Sin Hang Kin kentsin@poboxes.com
Sun, 16 Apr 2000 12:12:16 +0800


> This is a good idea, although this might be a bit cumbersome to handle. A
> text filled with these entities will be quite hard to read. For that
reason,
> I thought of using spaces. The display engine could strip out single
spaces
> and reduce sequences of more spaces by one.

NO! ‌ is displayed as zero-width, not thing at all! It is one unicode
char. And it does not seems to be used in other way, so it will be safe to
remove from the file without hurting anyone. It is not easy for the browser
or server to strip out the space as you might think.

> I think the encoding should be responsibility of the user -- After all, he
> knows what he wants to do. Sites that use more than one Han-Encoding could
> go with unicode, other sites might prefer to use the local encoding, since
> there are much more tools that can be used.

Not anymore. As I have already point out, you may have your site filled with
only one encoding, but someone may quote your content which might encoded in
other encoding methods. Also, the user might not have the browser with the
encoding you desire, so they will not able to see your content. Even they
can make conversion and see them, the different in encoding prevent them
from searching them. Building search engines for many different encoding is
certainly not fun. Why limited your client with no good reason?
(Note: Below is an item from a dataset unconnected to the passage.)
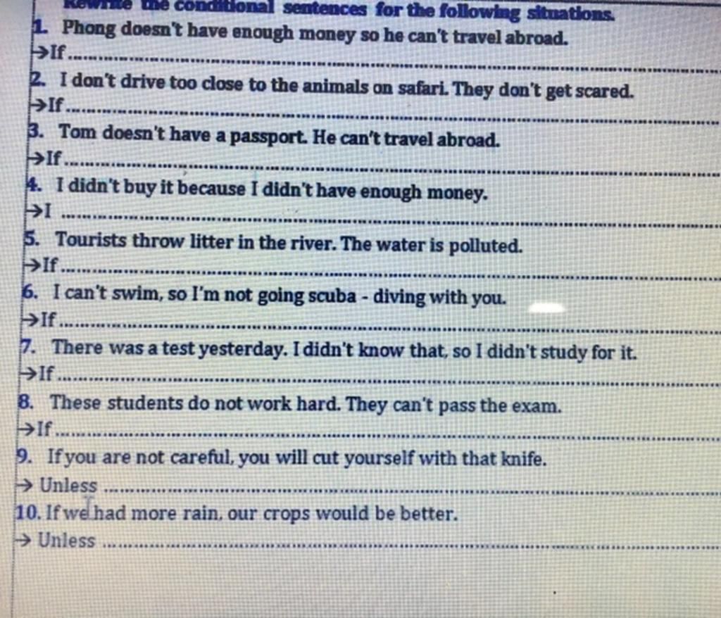 5. If tourists didn't throw little in the river, the water wouldn't be polluted (l câu đk oại 2)
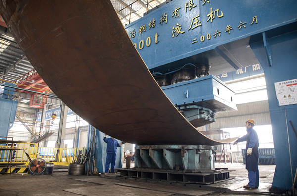 液压机压制球壳板。 通讯员汪学超 摄

Just convert
your content to unicode before publish. That save you and your client a lots
of time. Your content may last longer (than you want?).
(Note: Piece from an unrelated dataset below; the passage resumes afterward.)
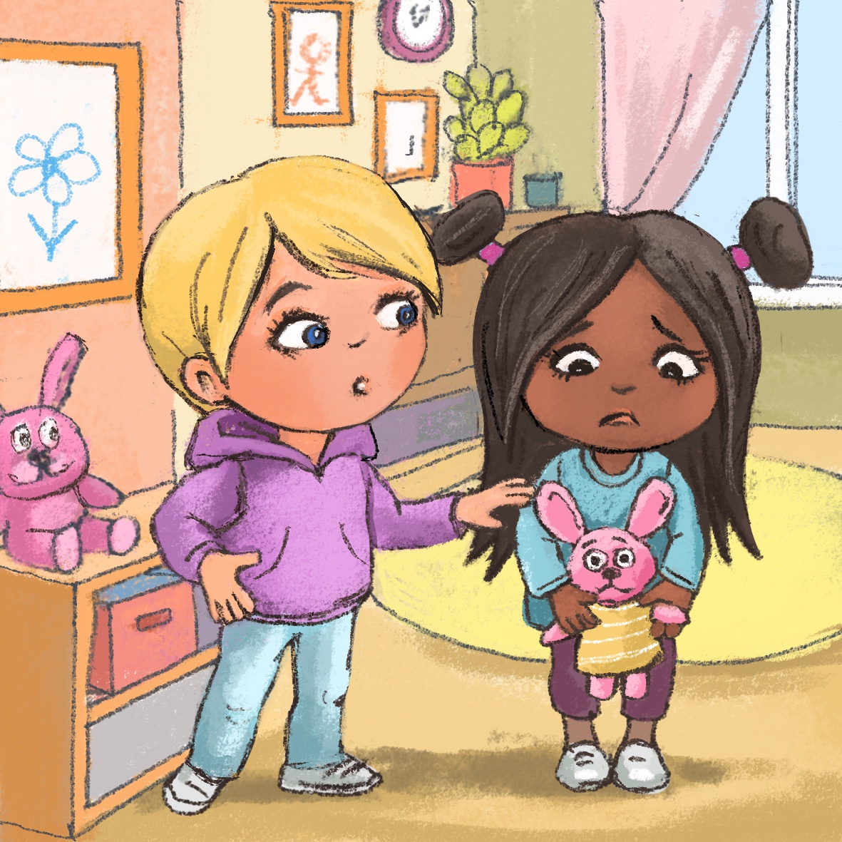 Miro complains to Kira about Tim. He tells Kira that Tim is mean. He says, “Kira, if you are a true friend you have to help me!” Kira likes Miro. She gets mad about Tim. She approaches Tim and without a word she tries to take the crayon from his hand. Tim pulls back. Kira holds on. In the struggle the crayon breaks.

> If Zope starts normalizing the text, some of the users might be surprised
by
> the results.

Normalize for the index, not altering the text. This would be the good
practice which improve the search experience. Unicode have been thinking of
the normalization very hard, and I think IBM have some sample implementation
available at their developerWorks site.
> BUt of course, certainly it should be possible to use Unicode! For this,
we
> will have to wait for Python 1.6, though.

It is ver near.

> Right, but then the user should declare the language. As I explained, if
> this is inherited like the acquisition, they might get away with just one
> declaration for a whole site.

I can not speak for every people, but I think your surfing experience will
tell. I would like to suggest working hard to make things last longer.
Bearing other's mistake and prevent frequent re-write.

Rgs,

Kent Sin